A total of 1933 participants in the Swiss HIV Cohort Study were prospectively followed up for a median of 25.5 months. A total of 560 diarrheal episodes were evaluated by standardized stool examination. Endoscopic evaluation was performed in 25% of patients with chronic diarrhea.
The incidence of diarrhea was 14.2 per 100 person-years (95% confidence interval, 13.0-15.4). Among patients with CD4 cell counts below 0.05×109/L, the probability to develop diarrhea within 1, 2, and 3 years was 48.5%, 74.3%, and 95.6%, respectively. The risk to develop diarrhea was increased among patients with severe immunodeficiency, homosexual men, and patients taking antiretroviral therapy. Pneumocystis carinii chemoprophylaxis did not reduce the risk of diarrhea. Diarrhea was an independent negative predictor of survival. Enteric pathogens were detected in 16.5% of 212 acute diarrheal episodes and in 46% of 348 chronic diarrheal episodes. The sensitivity of histological and stool examination was similar except for the diagnosis of intestinal cytomegalovirus infection and leishmaniasis, which required invasive evaluation.

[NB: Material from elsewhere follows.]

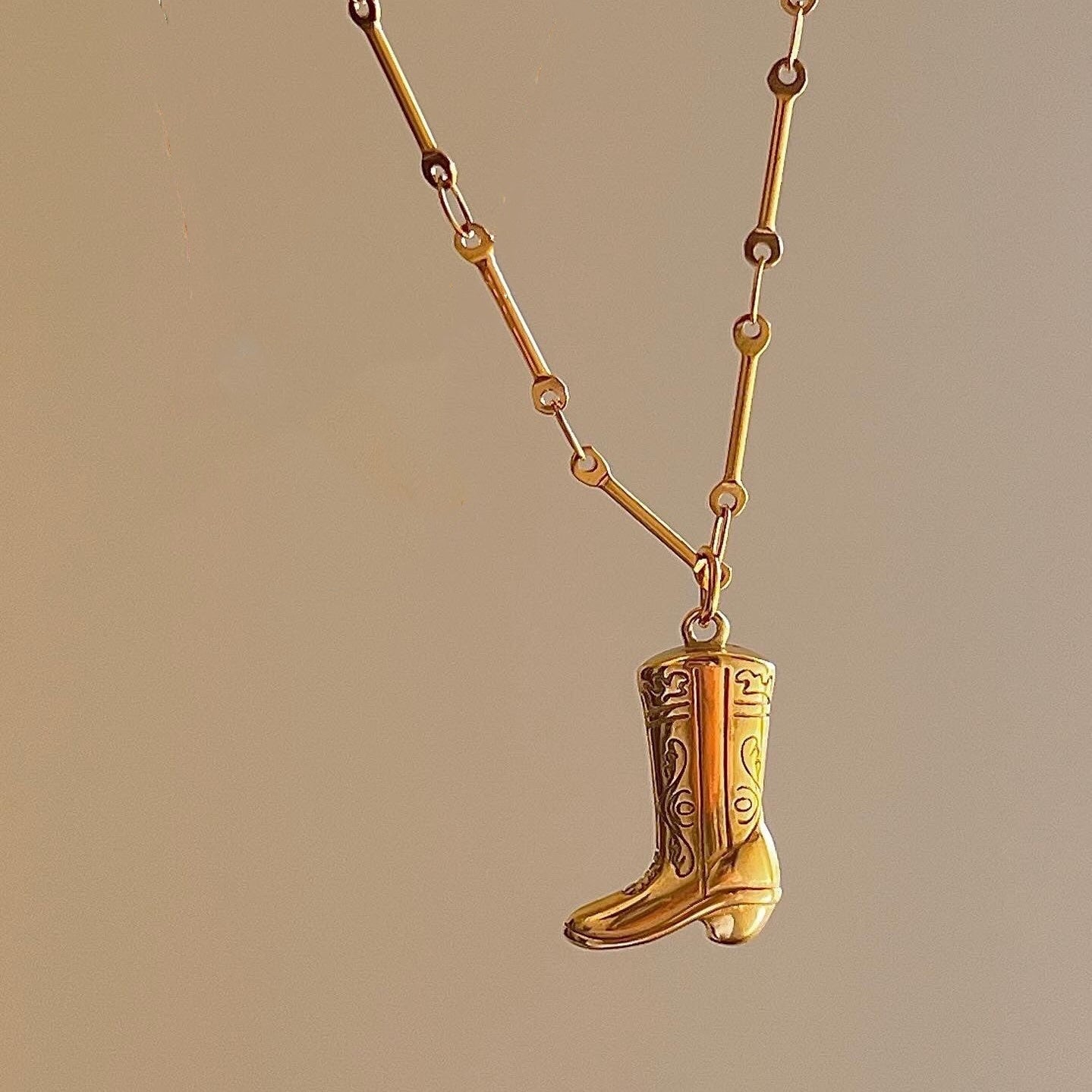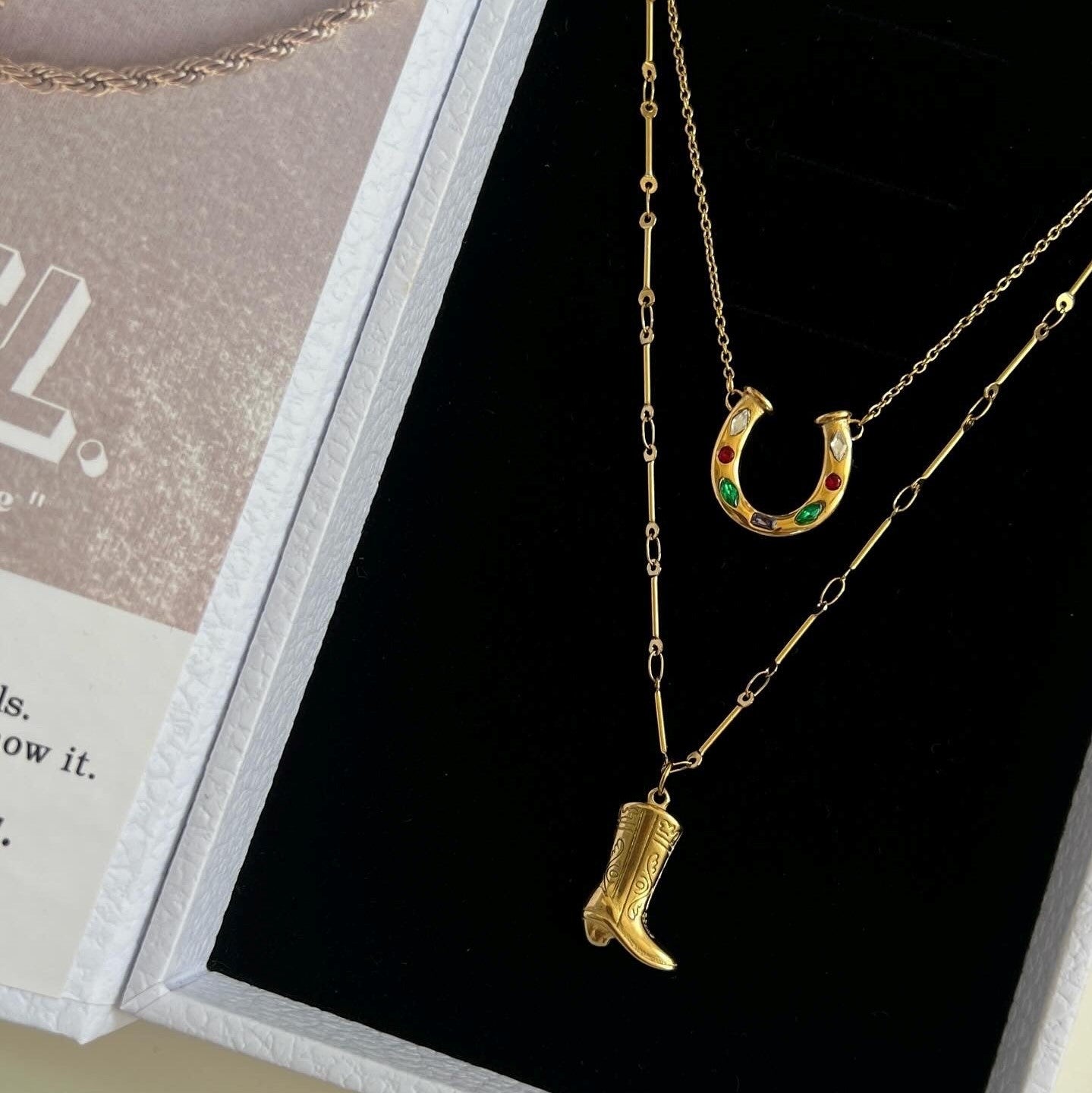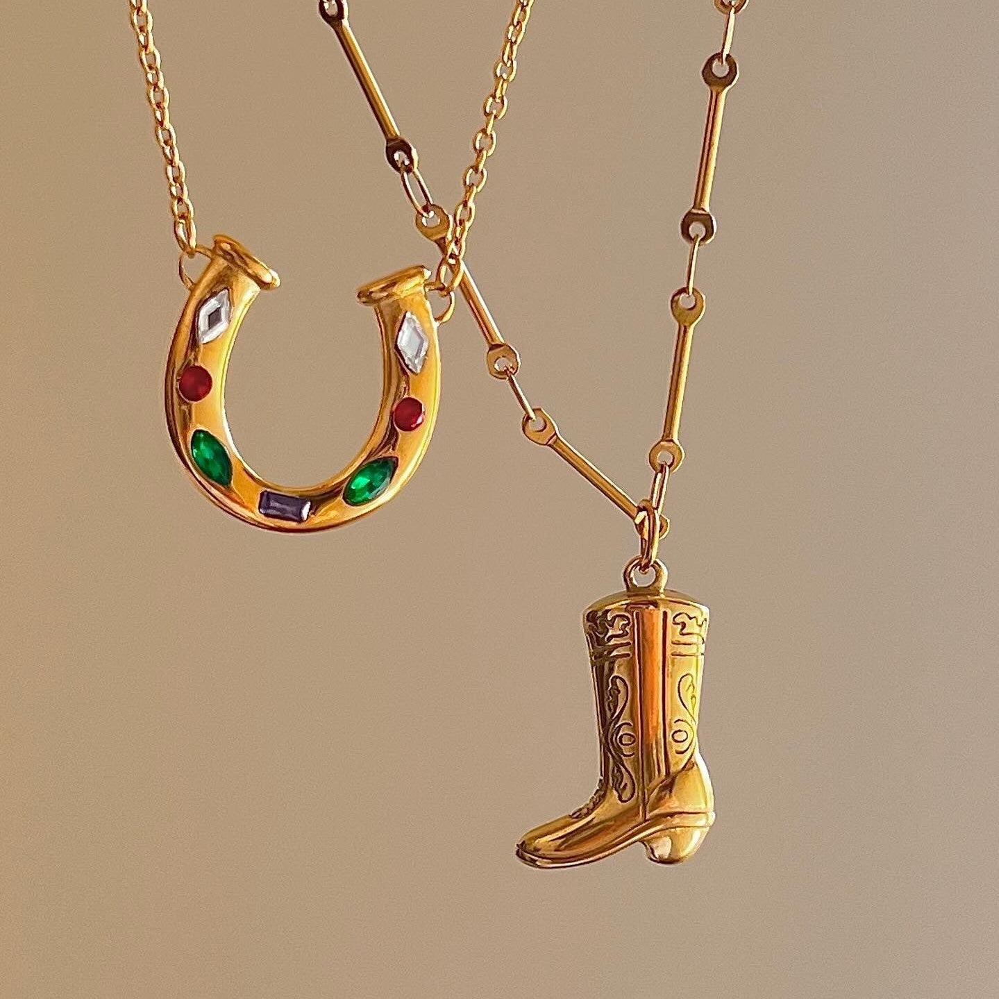 Western Cowboy Boots and Horseshoe Pendant Necklace

Intestinal infections were diagnosed in less than 50% of chronic diarrheal episodes. The prevalence of enteric pathogens tended to decrease during the observation period, possibly because of improved antiretroviral therapy. Endoscopic evaluation did not improve the diagnostic yield compared with stool examination except for the diagnosis of cytomegalovirus enteritis and leishmaniasis.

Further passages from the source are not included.